::: Listed entries :::

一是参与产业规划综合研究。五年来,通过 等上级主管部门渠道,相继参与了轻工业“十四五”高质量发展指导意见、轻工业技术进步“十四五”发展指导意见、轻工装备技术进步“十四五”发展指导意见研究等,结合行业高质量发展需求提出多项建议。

:::
::: Listed entries :::

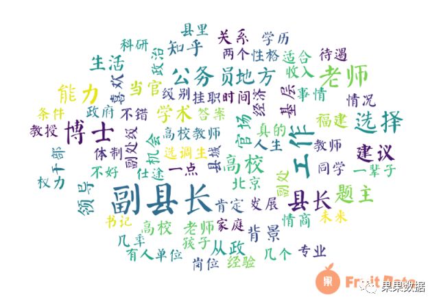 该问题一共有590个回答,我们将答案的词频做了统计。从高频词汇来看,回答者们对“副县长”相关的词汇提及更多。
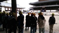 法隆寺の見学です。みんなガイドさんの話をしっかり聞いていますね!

:::

Exercise → Copy only what runs above from the line containing "该问题一共有590个回答,我" through the line containing "法隆寺の見学です。みんなガイドさんの話をしっかり聞いていますね!", exactly. Leave out the pictures.

Answer space →
 该问题一共有590个回答,我们将答案的词频做了统计。从高频词汇来看,回答者们对“副县长”相关的词汇提及更多。
 法隆寺の見学です。みんなガイドさんの話をしっかり聞いていますね!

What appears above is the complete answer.